HyperLogLog is an algorithm for estimating cardinality of multisets. Notably, the algorithm only uses \(O(1)\) space. Join me on a journey to understand it by implementing it!

Estimating the number of unique elements in a set/stream has many applications, especially in the field of databases. For example, if getting such estimates is faster or cheaper than computing the true value, it can be used as part of join ordering where the cost of tables is derived from the estimated row count. This paper describes the HyperLogLog algorithm - an algorithm that only uses \(O(1)\) space, and is only \(O(n)\) in runtime. It’s a very cool algorithm, and I recommend reading the original paper, though there were definitely aspects of it that I struggled to get an intuition for, so I decided to implement it myself as a learning exercise.

The HyperLogLog Algorithm

I highly recommend reading this write-up by Meta about how HyperLogLog works. It helped me get a lot of intuition for the process, but here’s my short summary:

HyperLogLog works by mapping elements into a roughly uniformly distributed space by using a hash function. If this space was between 0 and 1, we could use the inverse of the lowest element as an approximation of the number of elements (if you have \(n\) elements evenly distributed in \((0, 1)\), then the lowest element will be \(\frac{1}{n}\)). We can get a value in \((0, 1)\) by counting the number of leading 0’s (\(k\)) in every hashed value and then using \(\frac{1}{2^{k}}\) as our value - we only care about the lowest value, so we look for the element that maximizes \(k\). However, this would only give us coarse, power-of-two sized estimates, so we could do better by using many different hash functions and averaging the values estimated by each function. This is computationally expensive, so instead, we take some number of bit \(b\) from the prefix of the hashed value, and use that as an identifier to split the input into \(m = 2^{b}\) streams. The remaining bits are used as before to estimate the cardinality.

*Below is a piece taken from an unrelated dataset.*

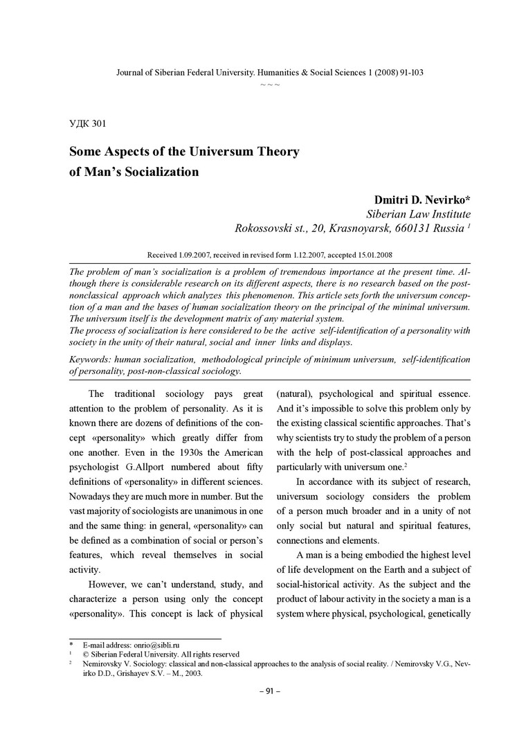 Библиографическое описание: Nevirko, Dmitri. Some Aspects of the Universum Theory of Man’s Socialization = Некоторые аспекты универсумной теории социализации человека / D. D. Nevirko. - Текст : непосредственный // Журнал Сибирского федерального университета. Гуманитарные науки. - 2008. - Т. 1, № 1. - С. 91-103. - ISSN 1997-1370.

One interesting property to note is that HyperLogLog “remembers” seen elements by virtue of it’s usage of max. The key idea is that max is commutative, and \(max(x, x) = x\), which means that adding the same element twice is the same as adding it once. Since the commutativity means that order of operations doesn’t matter, the order in which repeated elements are present doesn’t matter either. This is mainly relevant to this discussion in terms of testing, since it simplifies the kind of test data I’ll need to produce.

Writing my implementation

Once I’d read the initial paper, I set about trying to implement it myself. The algorithm itself is very straightforward, but was even cooler was that Github’s Copilot seemed to understand what I was doing and suggested almost exactly what I wanted! However, I was a little weary of relying on the auto-complete too heavily since I wanted the experience of writing things out myself to learn better. For my choice of hash function, I went with python’s built in hash. Since most of the paper relied on manipulating bits, the actual function I used was: bin(abs(hash(x)))[2:] which takes the absolute value of the hash, converts it to a binary string, and removes the 0b prefix. However, running my initial code produced wildly inaccurate results. Commence debugging!

Debugging my implementation

My first step in the debugging process was to find a reference implementation to compare against. I quickly found this repo and began comparing. This repo seems to include a lot of optimizations that the original paper doesn’t mention, so I tried ignoring most of those, since this exercise is mostly about getting the core ideas down. Scrolling through the code seemed to indicate that I was generally on the right track, which was encouraging.

The most obvious difference to me was that the reference implementation tried to ignore registers that didn’t have any elements (empty streams ignored), however, that didn’t affect this implementation since every register was being filled. I added a debug assert to ensure that I wasn’t hitting that cast to be safe.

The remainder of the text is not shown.